Activity: Below are records with pictures in them. Output exactly the lines from the one with "PECSENYELIBA Te-So Bt.-nél" through the one with "BENEFICIARIOS DE PROGRAMAS © OIM OCTUBRE 2023", both included, and leave every picture out; give only those lines.

────────

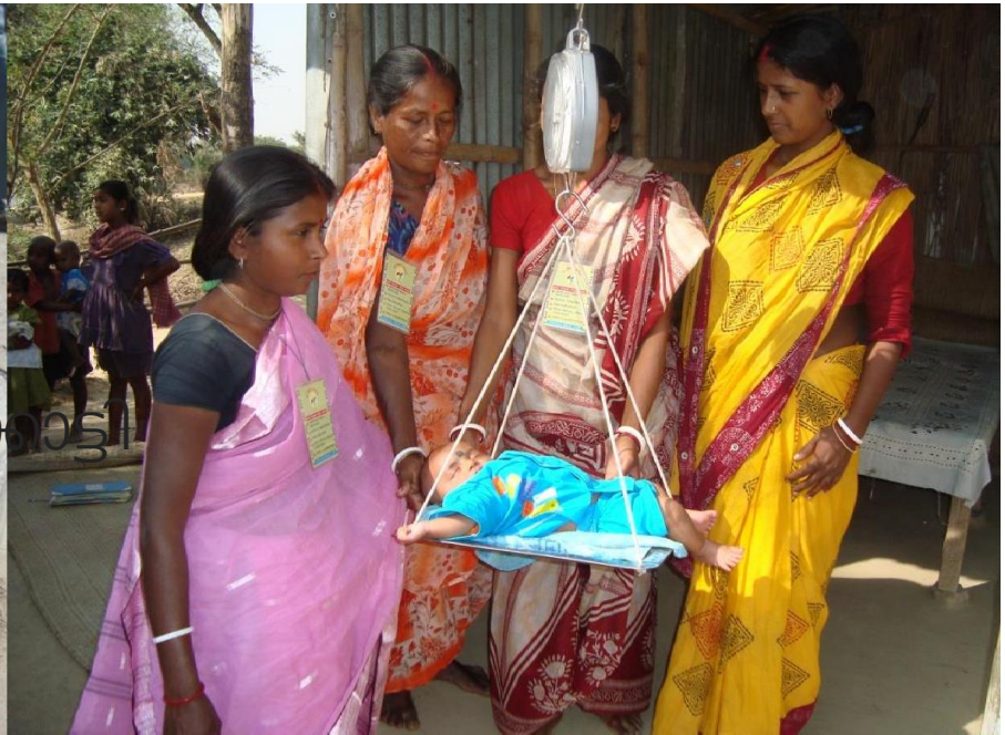
ആരോഗ്യമുള്ള കുഞ്ഞുങ്ങളെ ചൂണ്ടിക്കാട്ടി മറ്റുള്ളവരെ ബോധവൽക്കരിക്കുക
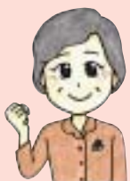
豊山先生の一言メモ

バナナは、すばやくエネルギーの補給ができ、整腸作用があります。もち麦に含まれる-グルカンの相乗効果も期待でき、健康パワーがUP!
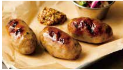
GRILLED SAUSAGE 850 粗挽き生ソーセージグリル
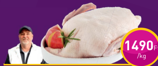
PECSENYELIBA Te-So Bt.-nél
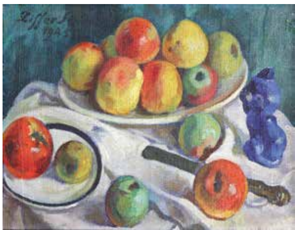
Ziffer Sándor: Csendélet almákkal és kék szoborral
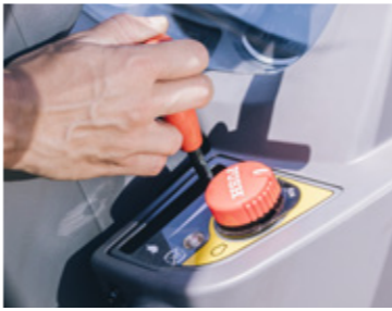
Palanca del acelerador de mano bien posicionada
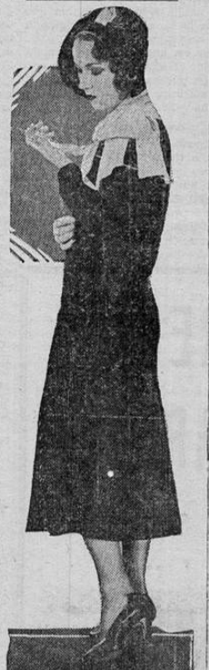
Los trajes de bolero estarán de moda en la primavera próxima. Aquí aparece uno de los primeros modelos, en crepé cantón, blanco y negro
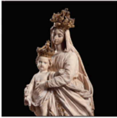
7. Notre Dame des Victoires
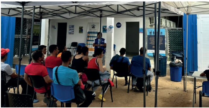
BENEFICIARIOS DE PROGRAMAS © OIM OCTUBRE 2023

Reunificación familiar y retorno voluntario: Los bloqueos y protestas generalizadas en el país afectaron a los potenciales beneficiarios de servicios de reunificación familiar (en su mayoría provenientes de Huehuetenango), dado que no pudieron movilizarse hacia los centros de atención de OIM. Aun así, 39 personas migrantes fueron asistidas con servicios de reunificación familiar, retorno voluntario asistido y reasentamiento. Los servicios prestados incluyen transporte, noches de hospedaje, alimentación, atenciones médicas, entre otras. Adicionalmente, se apoyó a 27 personas con la gestión de citas y costos asociados para obtener sus pasaportes, requisito previo a la solicitud de servicios de reunificación familiar.
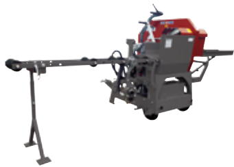
Kappsäge KS 700 H (90191)
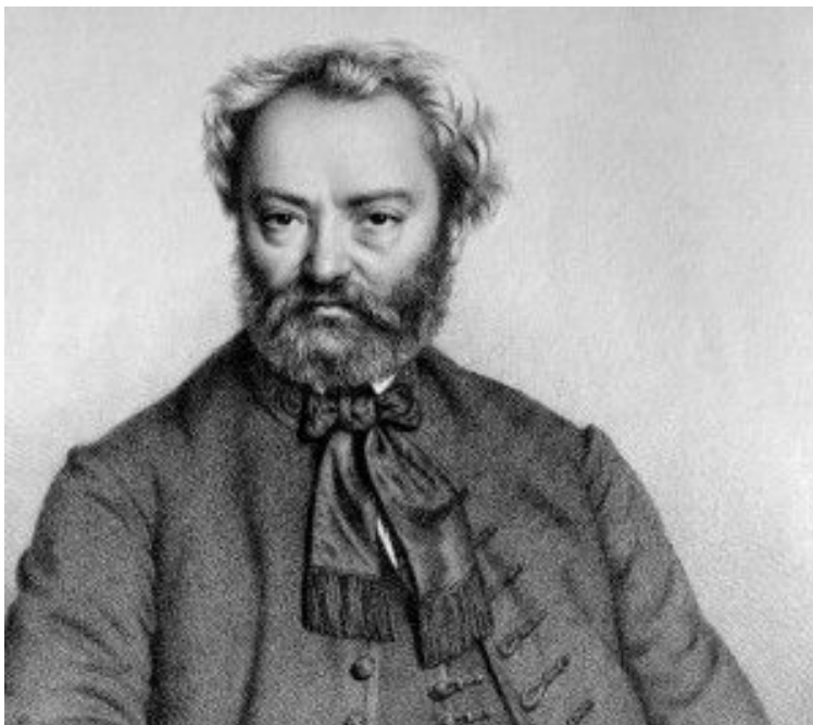
Erkel Ferenc ( Szin haz.hu )

Az Erkel Ferenc Társaság (5700. Gyula Városház utca 13., Adószám: 19061089 - 1 - 04 Bankszámla-szám: MKB Bank Zrt. 10300002-10631288-49020011) 2018-ban saját bevételein (tagdíjak, pénzügyi kamatjövőírás) felül az EMBERI ERŐFORRÁSOK MINISZTERIUMA, GYULA VÁROS ÖNKORMÁNYZATA, a MAGYAR MŰVÉSZETI AKADÉMIA, valamint az EMBERI ERŐFORRÁS TÁMOGATÁSKEZELŐ - NEMZETI KULTURÁLIS ALAP államtitkári kerete támogatásában részesült a művészeti szakterületén ellátott szakmai munkájának, illetve működésének segítése céljából. A támogatásokat az Egyesület a pályázataiban benyújtott költségtervekben meghatározott módon, a pályázati célok tényleges megvalósítására használta fel.
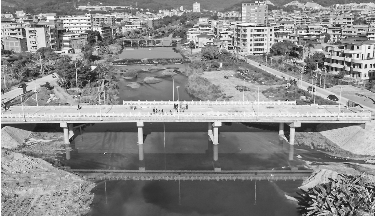
码头大桥建成后，将方便附近村庄 1 万多人的出行。

“这些天，我们主要进行人行道施工、伸缩缝预建设，预计 1 月 15 日前完工。我们也将加班加点施工，确保春节前完成主体建设。”谢洋溢说。
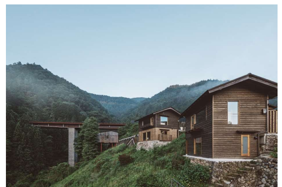
さとゆめプロデュース「NIPPONIA 小菅 源流の村」
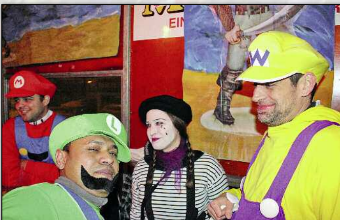
Super-Mario & Co in der Knabenbar.
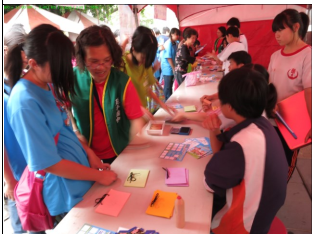
說明：社區市集擺攤活動

────────

Output below:
PECSENYELIBA Te-So Bt.-nél
Ziffer Sándor: Csendélet almákkal és kék szoborral
Palanca del acelerador de mano bien posicionada
Los trajes de bolero estarán de moda en la primavera próxima. Aquí aparece uno de los primeros modelos, en crepé cantón, blanco y negro
7. Notre Dame des Victoires
BENEFICIARIOS DE PROGRAMAS © OIM OCTUBRE 2023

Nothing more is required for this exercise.